Data provided
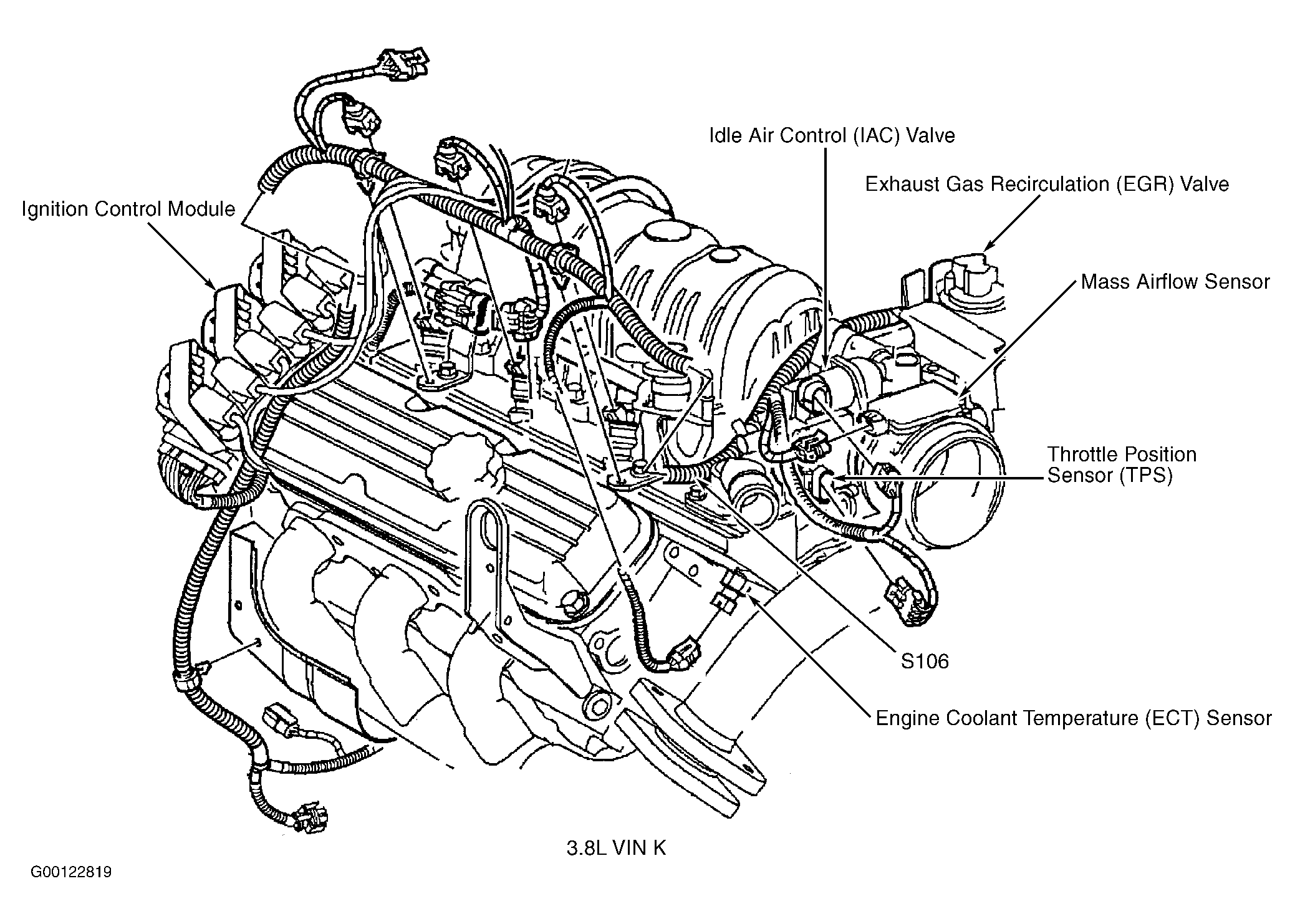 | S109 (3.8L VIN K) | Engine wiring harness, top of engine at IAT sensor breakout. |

--

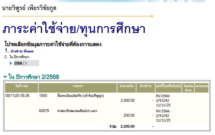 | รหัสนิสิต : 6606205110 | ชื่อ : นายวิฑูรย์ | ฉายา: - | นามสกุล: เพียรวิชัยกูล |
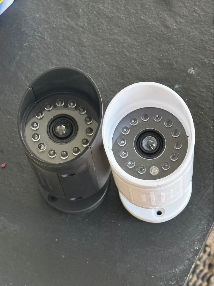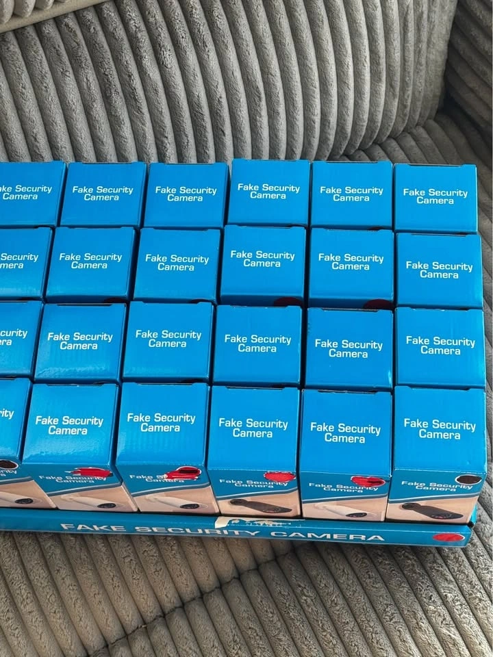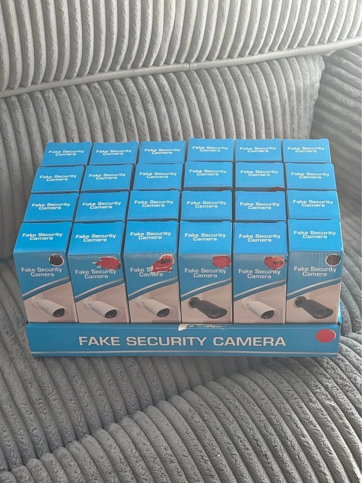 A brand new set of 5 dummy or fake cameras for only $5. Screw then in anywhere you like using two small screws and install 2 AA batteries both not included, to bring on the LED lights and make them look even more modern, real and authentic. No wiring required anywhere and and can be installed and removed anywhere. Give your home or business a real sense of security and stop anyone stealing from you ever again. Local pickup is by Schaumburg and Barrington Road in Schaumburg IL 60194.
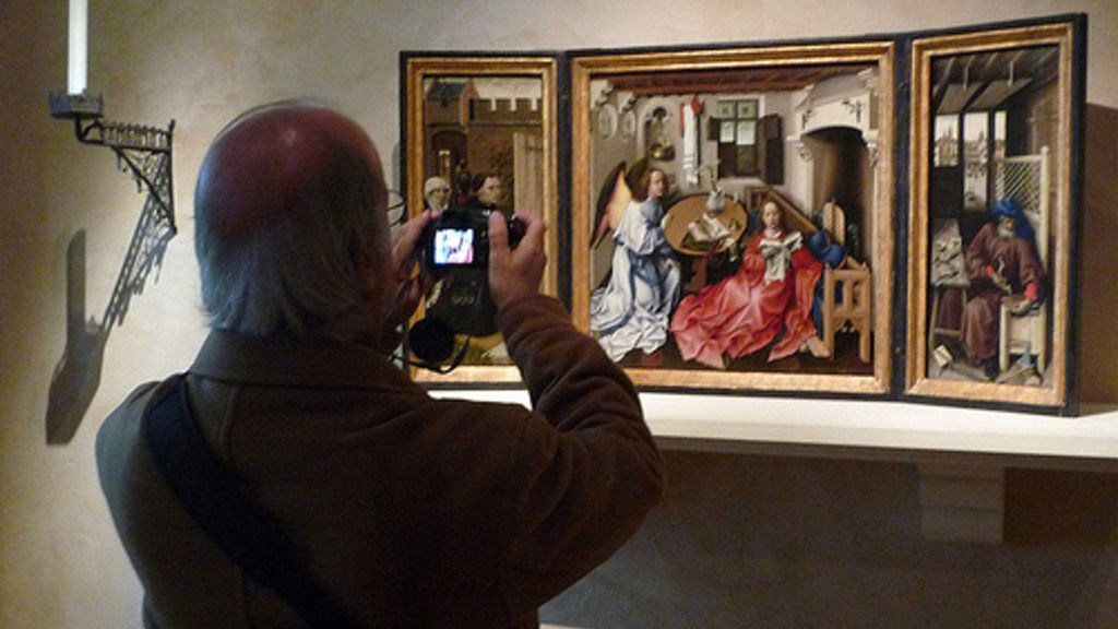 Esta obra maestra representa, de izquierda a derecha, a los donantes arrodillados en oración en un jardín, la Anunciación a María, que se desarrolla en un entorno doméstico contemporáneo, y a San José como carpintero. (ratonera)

Task prompt
Beginning with the line that contains "นามสกุล: เพียรวิชัยกูล |" and ending with the line that contains "Esta obra maestra", reproduce the listing exactly, pictures excluded.

Result of the task
 | รหัสนิสิต : 6606205110 | ชื่อ : นายวิฑูรย์ | ฉายา: - | นามสกุล: เพียรวิชัยกูล |
 A brand new set of 5 dummy or fake cameras for only $5. Screw then in anywhere you like using two small screws and install 2 AA batteries both not included, to bring on the LED lights and make them look even more modern, real and authentic. No wiring required anywhere and and can be installed and removed anywhere. Give your home or business a real sense of security and stop anyone stealing from you ever again. Local pickup is by Schaumburg and Barrington Road in Schaumburg IL 60194.
 Esta obra maestra representa, de izquierda a derecha, a los donantes arrodillados en oración en un jardín, la Anunciación a María, que se desarrolla en un entorno doméstico contemporáneo, y a San José como carpintero. (ratonera)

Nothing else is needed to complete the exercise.